Why Trade CFDs?
CFD trading benefits
CFD trading gives you the power to trade against share price movements without actually buying or selling the physical shares. CFDs are quick and accessible, removing the need to trade through a stockbroker. And selling shares is easy, so you can use CFDs to make a profit when markets are falling.
Because you are trading on margin, CFDs can enhance the risk/return on your investment capital. This means that, when you trade CFDs, you don't have to put up the full value of the shares you are trading. Instead you pay a deposit or margin to cover any potential loss on the position (although you may lose more than your initial deposit). This is typically a fraction of the full contract value. More on CFD benefits and risks.
CFDs on equities
A CFD contract replicates as closely as possible the equivalent share transaction. Unlike financial spread betting, you are not betting per point movement of the share price. Rather, you buy or sell a quantity of CFDs, equivalent to a number of shares (although no physical share transaction actually takes place).

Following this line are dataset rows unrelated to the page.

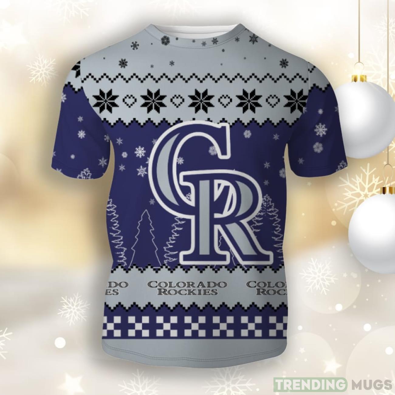 Whether you’re cheering on your favorite team at the stadium or attending a holiday party, this Christmas t-shirt is guaranteed to make a statement. It effortlessly combines your love for the Colorado Rockies with the joy of the holiday season, making it a must-have for any fan.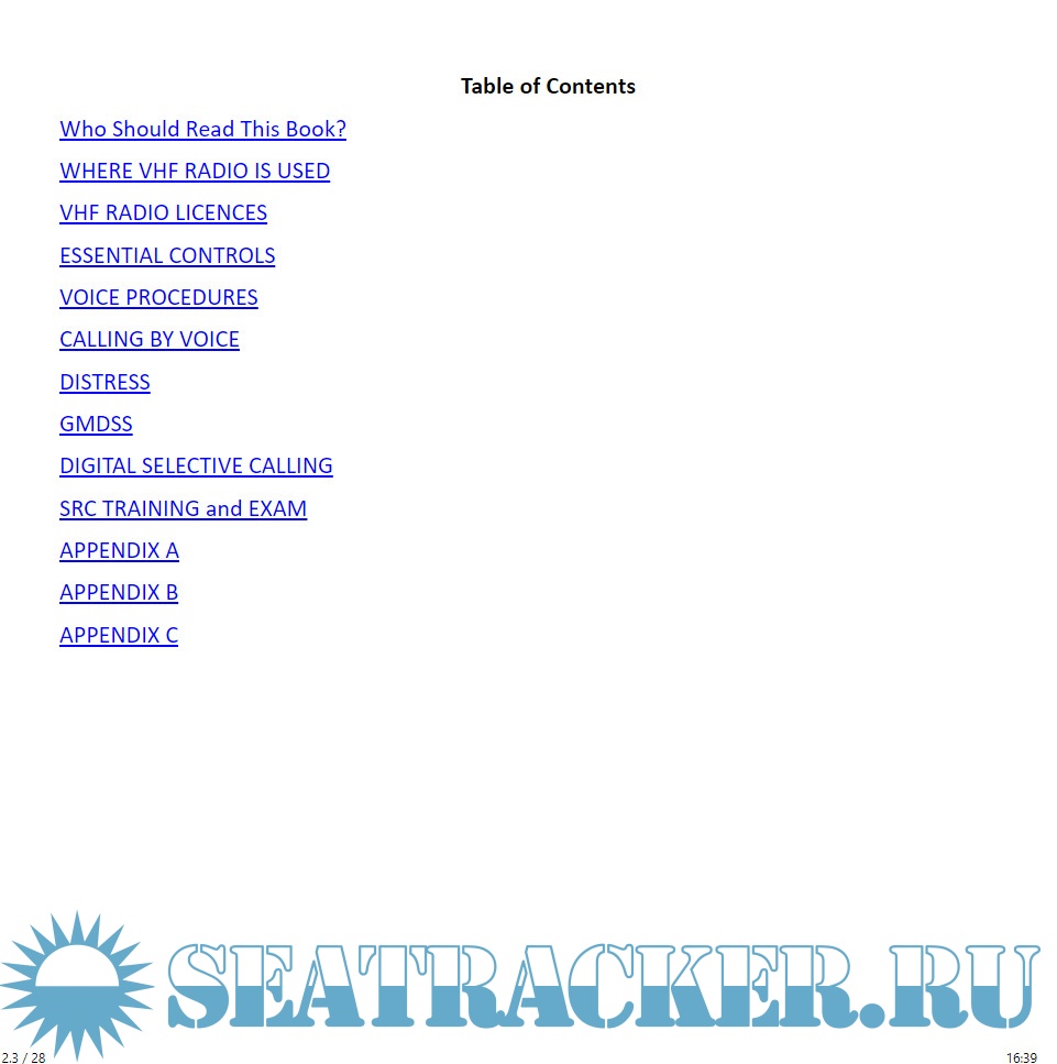 Description: This quick-start guide to VHF Marine Radio teaches skippers and crews the essentials of radio use afloat. You must have a licence for the equipment and one for the operator: this guide tells you how to obtain these licences and what you must do to qualify for the VHF Short Range Certificate (SRC). It also explains how the radio is used in Routine and Distress situations, with actual sample radio conversations. You will learn how Digital Selective Calling (DSC), introduced with the GMDSS, can automate calling of other vessels and shore stations. You find how different radio channels are allocated to different purposes and understand the major controls found on every VHF DSC Radio. This book offers suggestions for other resources which can help you make the most of your investment in marine radio, and help you to attain the all-important Radio Licence, to stay safe and legal.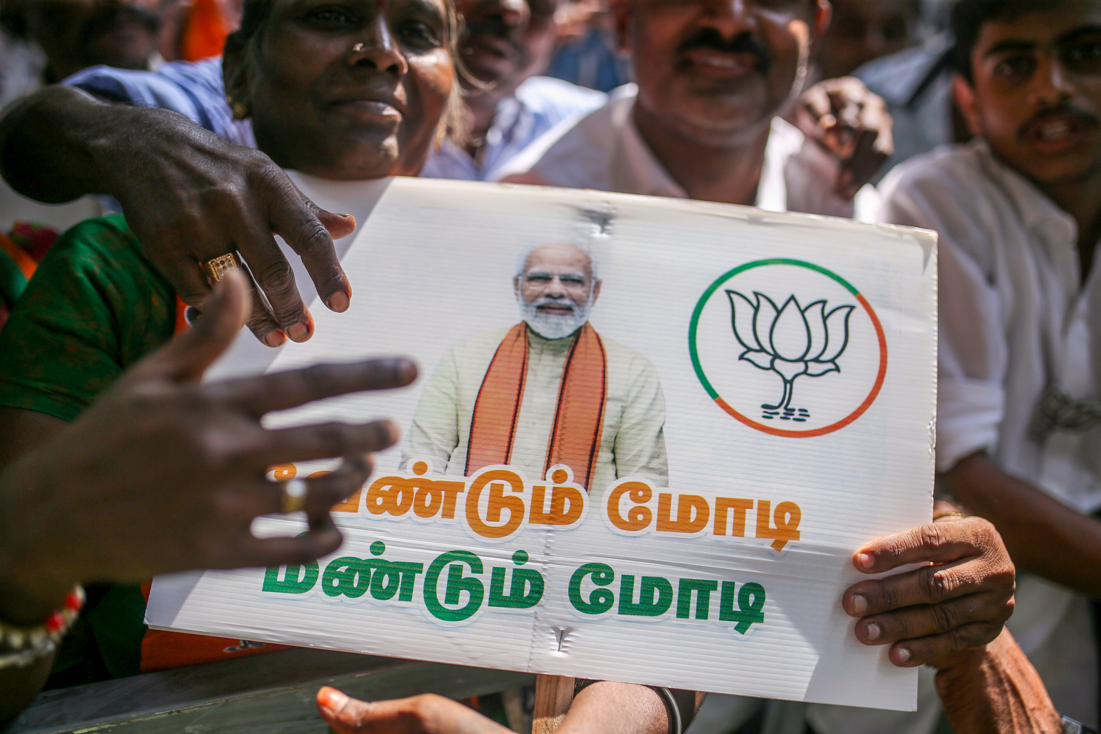 支持者们在4月10日与印度总理纳伦德拉·莫迪在泰米尔纳德邦的哥印拜陀举行的竞选集会上举着一块泰米尔语标语。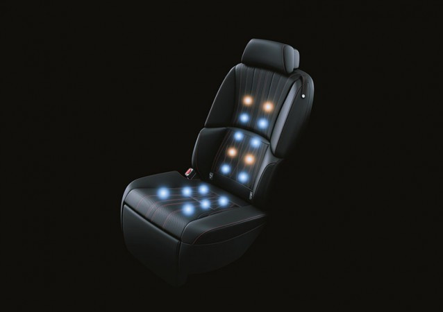 Nos bancos de trás há função “relaxamento”, equipadas com bolsas de ar integradas no encosto e na almofada do assento. Elas são infladas para aplicar pressão estrategicamente ao corpo do ocupante, ao mesmo tempo em que aplicam calor nas áreas do ombro e da parte inferior das costas. O ocupante pode selecionar entre três programas: relaxar, alongar e simples. São quatro para áreas específicas: tronco superior, tronco inferior, ombros e lombar. Todos os bancos também acompanham função de massagem shiatsu.

Rather than paying a commission for trading equity CFDs, we apply a small spread to the underlying market spread. Find out more about CFD Trading Costs.
With InterTrader.com you get all the advantages of online trading via our browser-based platform or mobile apps. You can enjoy fast dealing wherever you are over a wide range of markets. Your equity trade will be executed automatically, with absolutely no requotes on the web-based platform. You are in control of your trading, not the broker.

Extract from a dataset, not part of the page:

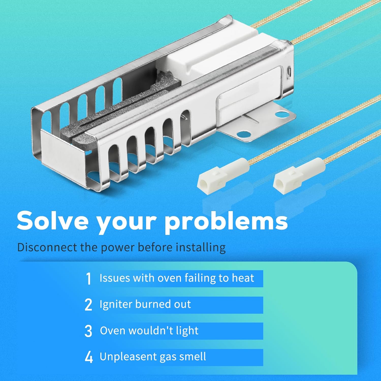 >>>> SOLVE YOUR PROBLEMS: 1.AP5967723 gas stove igniter will solve the problems about the oven not heating or heating abnormally, 2. Oven running erratically, 3. Igniter was burned out and gas smell etc. For your safe, please shut off the house circuit breaker and gas supply before installing this part. Wear work gloves to protect your hands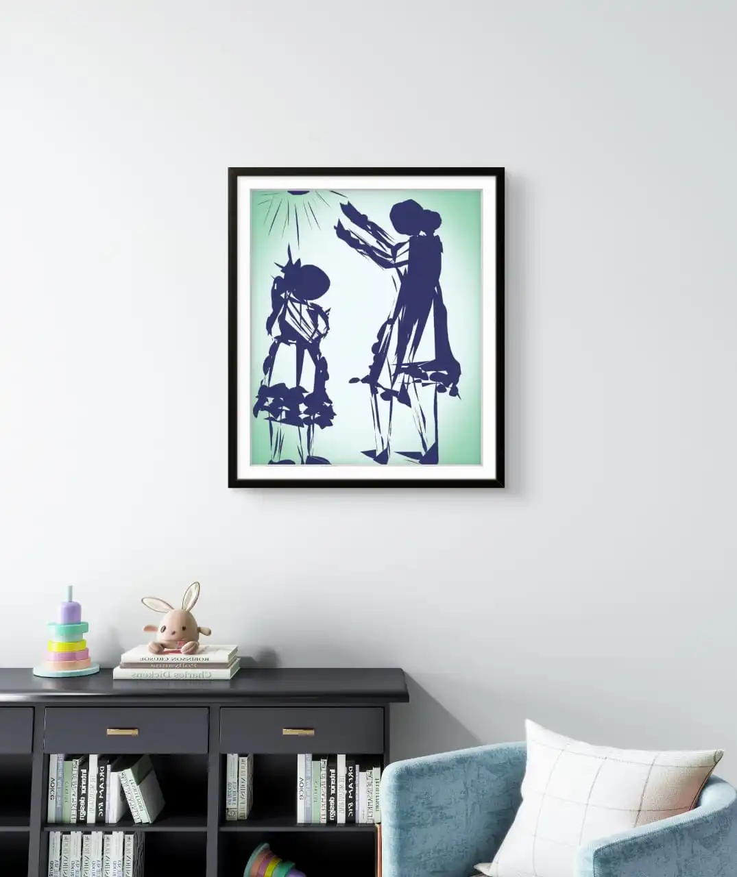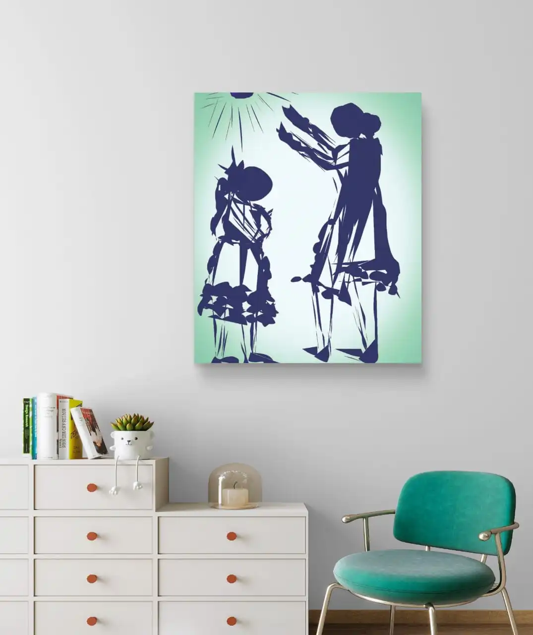 Blessing is a handmade original digital canvas artwork that captures the purity of a mother’s unconditional love. Soft blue brush strokes on a white and light green background reflect protection, emotion, and spiritual bonding.

Going short of equities is also typically quite complicated with a traditional broker. Not so with CFDs. You simply open your CFD contract to go short rather than long. This gives you the ability quickly to set up hedging transactions as required.
CFDs on other markets
CFDs are not used solely for equity trading. At InterTrader.com we offer CFDs on stock indices, forex, energy contracts, metals and other commodities, all via one online trading platform.
When you trade CFDs on non-equity markets you buy or sell a certain number of contracts, where each contract represents a given risk/return on the underlying market. For instance, one contract of our Germany 30 represents a risk/return of €1 per point movement in the underlying market. So if you sell three contracts of Germany 30 you will make €3 for every point the the index falls below your bid price and lose €3 for every point the the index rises above your bid price.
You decide how long the contract will stay open. There is no fixed expiry date (unless you trade a futures contract with an expiry date). You simply close the contract when you are ready, at which point the difference between the opening price and the closing price is calculated and your profit or loss is realised.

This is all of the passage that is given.